In my class implementation of Prosocial, step 4 consisted of a review of the syllabus to see if any changes needed to be made in light of what we had learned about the CDPs. Then my students took the same online survey that had been given only a few class sessions earlier. The results were impressive. The Matrix exercise and introduction to the CDPs resulted in statistically significant gains in positive emotions toward the class, the perceived efficacy of the class, the degree to which the identity of the students had become fused with the class, their sense of psychological safety, and their sense of trust. These results might seem too good to be true, but not if you are familiar with the literature on ACT, which includes many well-documented examples of short trainings that produce big and long-lasting results [go here for more]. A little knowledge about managing cultural evolutionary processes can go a long way!

After the elements of Prosocial had been introduced to the students in the context of our own group, it was easy to bring them up again in the context of the course material. The main theme of my course is that nearly every important topic associated with sustainability involves both natural systems and human systems, which are each complex on their own and even more so when coupled with each other. Wouldn’t it be great if there was a single set of conceptual tools that could be applied to both? That is precisely what evolutionary theory (in combination with complexity theory) offers.  The CDPs are relevant to the dynamics of cooperation in natural and human systems alike. The principles of ACT are needed whenever adopting a new policy requires behavioral and organizational change, which is all the time. These matters came up– and were frequently initiated by the students–during nearly every class period.
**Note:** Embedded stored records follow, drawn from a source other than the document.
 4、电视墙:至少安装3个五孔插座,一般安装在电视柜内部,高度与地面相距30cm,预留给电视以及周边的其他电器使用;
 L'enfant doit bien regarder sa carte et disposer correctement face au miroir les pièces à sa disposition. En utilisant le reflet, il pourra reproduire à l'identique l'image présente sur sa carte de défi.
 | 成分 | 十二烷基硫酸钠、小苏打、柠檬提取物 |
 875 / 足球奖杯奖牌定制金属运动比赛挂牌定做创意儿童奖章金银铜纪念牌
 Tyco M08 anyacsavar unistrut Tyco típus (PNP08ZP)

The elements of Prosocial proved handy once again when the class split into smaller groups to study topics of their own choice (an example of CDP3, concerning decision-making). The first order of business for each group was to discuss how they would implement the CDPs to insure a cooperative social environment. By now this was second nature to them. I made myself available to help out with graduated sanctions (CDP5) and conflict resolution (CDP6), but my services weren’t needed. All of the project groups ran on an even keel.

Pamela also experimented with implementing Prosocial in her graduate class on Foundations in Secondary Education and an undergraduate class in Social Issues in Education, to good effect. Even though it took me a while to make the connection, I now think that classrooms provide a fantastic opportunity to implement Prosocial. Unlike some groups, which find it difficult to carve out meeting times and complete surveys between meetings, students in a course are already meeting on a regular basis and expect to be assigned homework. The facilitation requires very little time and in many cases will be highly relevant to the subject of the course, as it was to mine. If a sufficient number of instructors become interested and coordinate their implementations, then rigorous assessments are possible. If you are instructor of a college or high school course and wish to join such a coordinated effort, please contact Paul Atkins at paul@prosocialpsychology.com to provide contact information. Once we have a group of people who want to take part, we will contact you to plan how best to make it happen together.

References
[i]
Wilson, D. S., Ostrom, E., & Cox, M. E. (2013). Generalizing the core design principles for the efficacy of groups. Journal of Economic Behavior & Organization, 90, S21–S32.

[ii] Wilson, D. S., & Hayes, S. C. (2018). Evolution and Contextual Behavioral Science: An Integrated Framework for Understanding, Predicting, and Influencing Behavior. Menlo Park, CA: New Harbinger Press.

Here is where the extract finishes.